- **COLLECTED MATERIAL**:
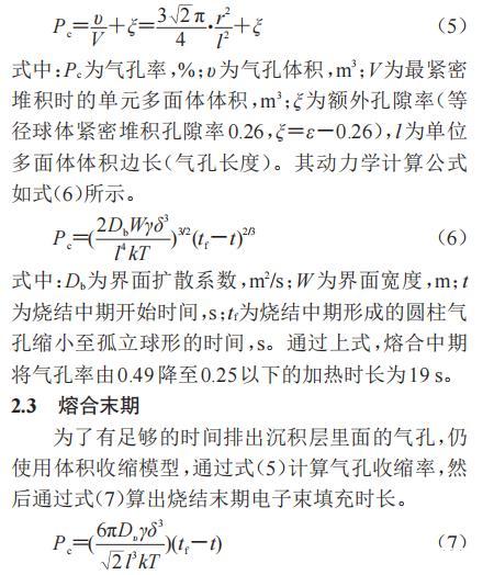 為了有足夠的時間排出沉積層里面的氣孔,仍使用體積收縮模型,通過式(5)計算氣孔收縮率,然后通過式(7)算出燒結(jié)末期電子束填充時長。
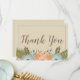 Mostrando un diseño que muestra la hermosa flora tropical, este encantador diseño presenta un fondo beige, "Gracias" está escrito en negrita en fuente marrón y una flor azul claro. Las plantillas fáciles de rellenar hacen que la personalización sea sencilla. ¡Personaliza tu tarjeta de agradecimiento hoy mismo!
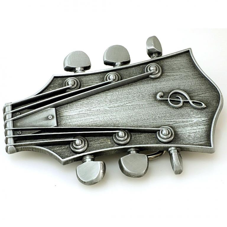 Gürtelschließe Gitarre Kopfplatte, Hartmetallguss, Größe der Schließe 95 mm x 68 mm, für Gürtel bis 40mm Breite

- **WHAT YOU WILL DO**: Retype the listing exactly. Pictures do not belong in the copy.

- **ANSWER TO THIS TASK**:
 為了有足夠的時間排出沉積層里面的氣孔,仍使用體積收縮模型,通過式(5)計算氣孔收縮率,然后通過式(7)算出燒結(jié)末期電子束填充時長。
 Mostrando un diseño que muestra la hermosa flora tropical, este encantador diseño presenta un fondo beige, "Gracias" está escrito en negrita en fuente marrón y una flor azul claro. Las plantillas fáciles de rellenar hacen que la personalización sea sencilla. ¡Personaliza tu tarjeta de agradecimiento hoy mismo!
 Gürtelschließe Gitarre Kopfplatte, Hartmetallguss, Größe der Schließe 95 mm x 68 mm, für Gürtel bis 40mm Breite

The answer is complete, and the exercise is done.